# Hi ! ...and excess water



## Platti (Mar 19, 2013)

Firstly a quick hello to everyone.

Recently upped my game and jumped onboard the Gaggia Classic train. I've recently also completed a barista course I was bought for Christmas (highly recommend !)

Just about to change my steam wand but I do have a question. When I make a shot and take the portafilter off, there is a pool of excess water in it. Why's this ?


----------



## Glenn (Jun 14, 2008)

This will generally be underdosing.

How much coffee are you putting in the Portafilter?

If the coffee tastes good then don't worry about the water too much

Is the machine new or second-hand?

Welcome to Coffee Forums UK too!


----------



## Platti (Mar 19, 2013)

It tastes great ! I'm not quite filling it to the brim pre temper, will try that. It's a used one from eBay, been having a read and I might change the seal.


----------



## Big Tony (Dec 18, 2012)

Hey Platti,

Welcome! I too have a Gaggia Classic







and I've experienced the same thing as you. I dose 16.5g and more often than not the puck is quite dry.
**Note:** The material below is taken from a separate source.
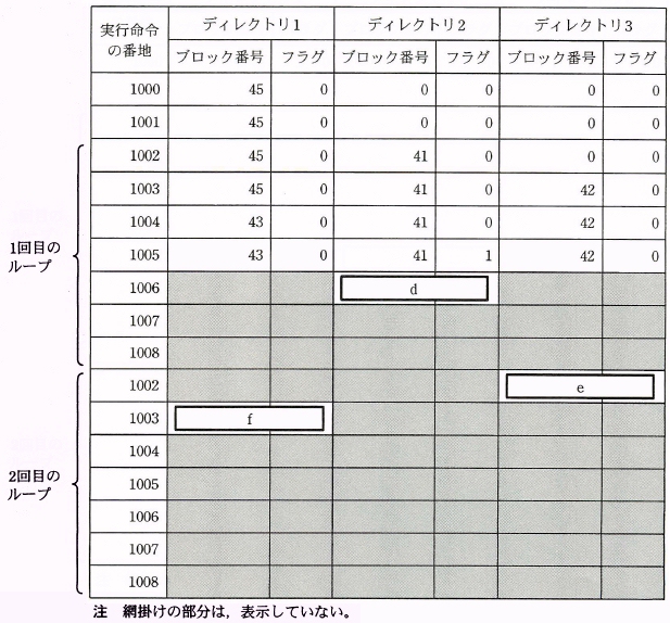 図4 1006 番地の STORE 命令を最初に実行した直後のディレクトリ部 解答群 エ 43 オ 44 カ 45

Sometimes it's wet and I've no idea why. Glen, you mentioned on a previous thread about less coffee producing a better taste. I use the gaggia double basket (standard) and when I dose my usual 16.5g and tamp, there is always a fair bit of space between the top of the puck and the pf... Maybe 3mm or so. I always think that this leads to excess water on the top of the puck... What do you think?


----------



## The Systemic Kid (Nov 23, 2012)

Platti said:


> It tastes great ! I'm not quite filling it to the brim pre temper, will try that. It's a used one from eBay, been having a read and I might change the seal.
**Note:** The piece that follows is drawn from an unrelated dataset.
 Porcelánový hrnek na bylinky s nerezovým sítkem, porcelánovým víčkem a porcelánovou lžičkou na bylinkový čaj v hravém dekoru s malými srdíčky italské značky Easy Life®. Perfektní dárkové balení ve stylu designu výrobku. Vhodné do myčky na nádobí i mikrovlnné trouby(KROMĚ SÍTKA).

That's the main thing. Are you occasionally timing your shots as a check? Same with dose weight. These aren't necessary if you're happy the way things are but if you want to reassure yourself you're getting the best out of your set up, it's a good idea to do the above checks.


----------



## Platti (Mar 19, 2013)

I've been watching the time but more to get the grind right, I think I've a little more passing about to do. Must get the scales out then.

Thanks for the replies.


----------



## Glenn (Jun 14, 2008)

Each basket is different so the gap may vary.

Much easier to demonstrate than try and describe.


----------



## Big Tony (Dec 18, 2012)

Maybe a section should be established with 'how to' videos from forum members


----------



## osrix (Feb 15, 2013)

Although I agree with most of the possible reasons above, I have found that simply the fresher the beans the dryer the puck! If I run out of nice fresh roated stuff and I use some reasonable beans from the supermarket, I get a fairly wet puck, if I use crap beans I get a puddle. Just my thoughts


----------



## Platti (Mar 19, 2013)

I'll try some other beans as well then as so far I've been using the same ones. Thanks.


----------